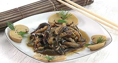 Баклажаны промойте, удалите плодоножки, разрежьте вдоль пополам, удалив семена, и сварите до готовности, затем откиньте на дуршлаг, охладите и нарежьте соломкой. Заправьте маслом, соевым соусом, мелко нарезанным чесноком и солью. Подготовленные баклажаны выложите на тарелку, оформите грибами и зеленью.
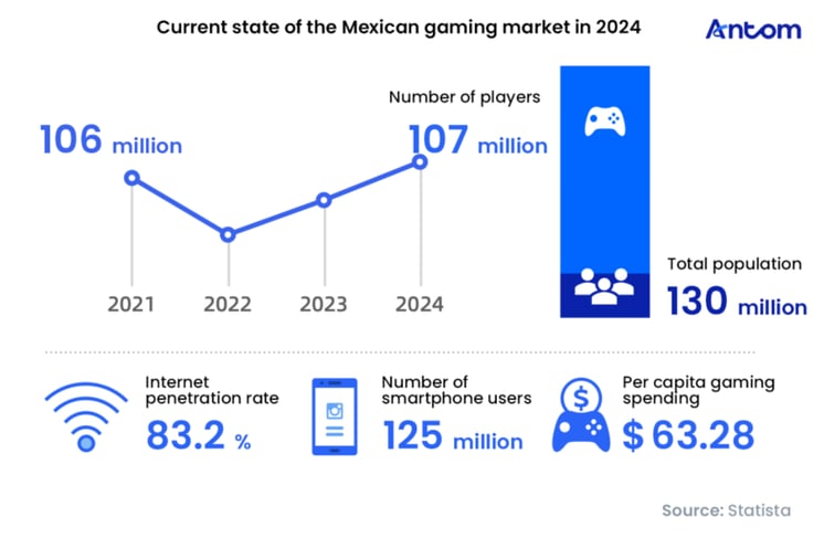 Mexico’s robust digital infrastructure further fuels this growth. With 83.2% internet penetration and 125 million smartphone users – covering nearly the entire population – the country provides a solid foundation for online and mobile gaming. High connectivity not only lowers barriers to game access and distribution but also supports the rapid adoption of new content and services.
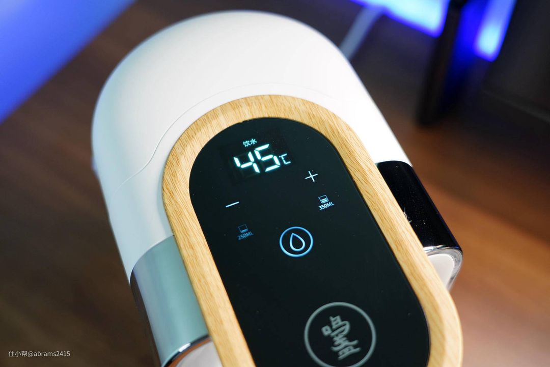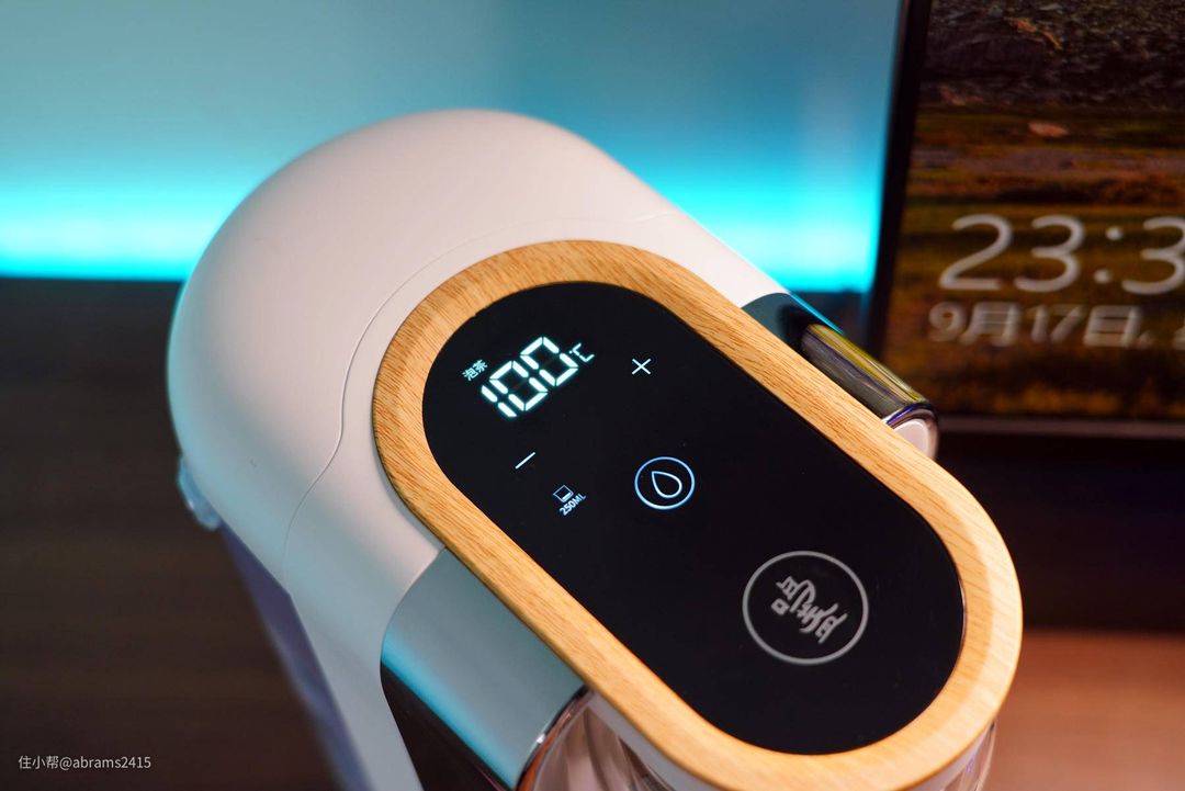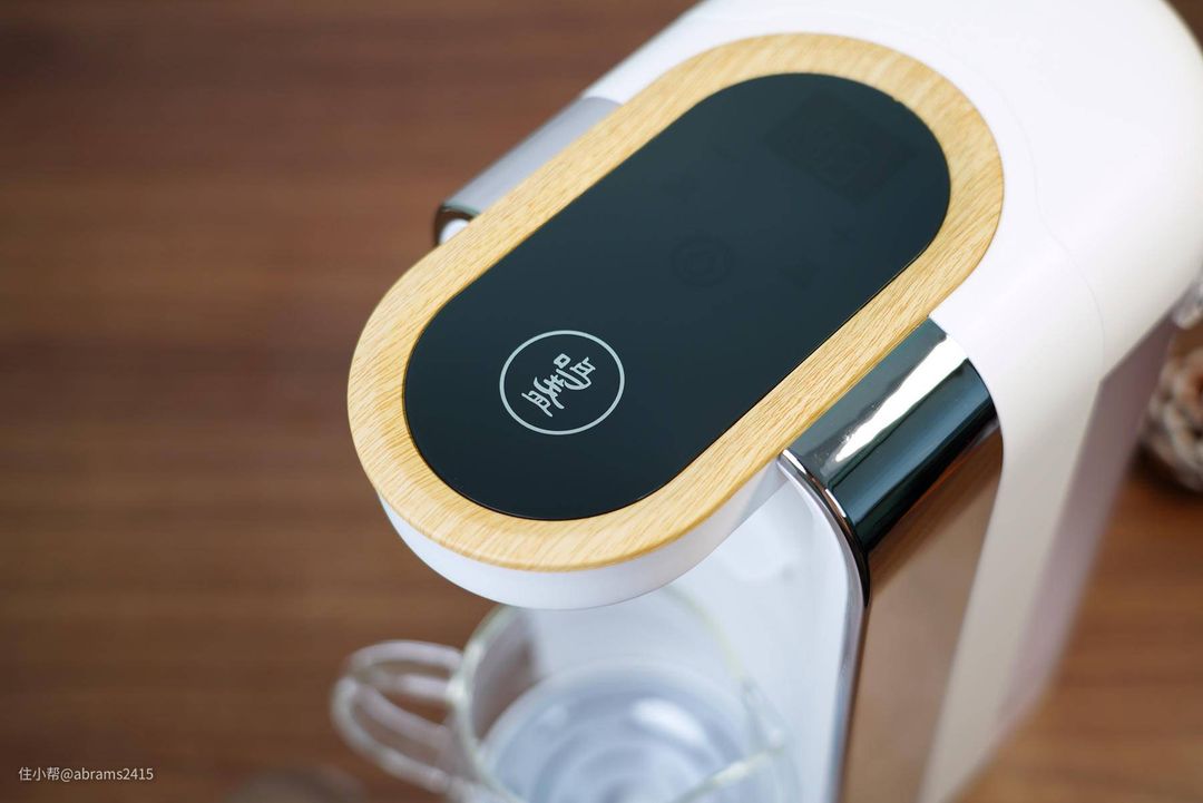 ▲顶部是茶饮机的控制面板,采用触摸式设计。一圈仿木材质增加了茶饮机的文艺气息
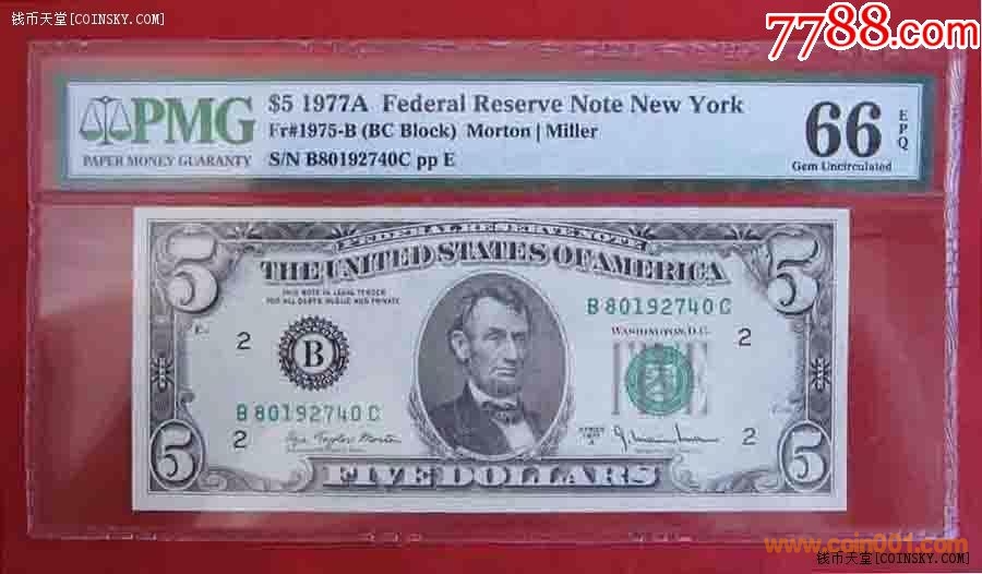 PMG66分美鈔紙幣4枚

■ ■ ■ ■

Task requirements
Leave the pictures out, and please copy only the lines from the one with "Mexico’s robust digital" through the end of the listing.

Answer section
 Mexico’s robust digital infrastructure further fuels this growth. With 83.2% internet penetration and 125 million smartphone users – covering nearly the entire population – the country provides a solid foundation for online and mobile gaming. High connectivity not only lowers barriers to game access and distribution but also supports the rapid adoption of new content and services.
 ▲顶部是茶饮机的控制面板,采用触摸式设计。一圈仿木材质增加了茶饮机的文艺气息
 PMG66分美鈔紙幣4枚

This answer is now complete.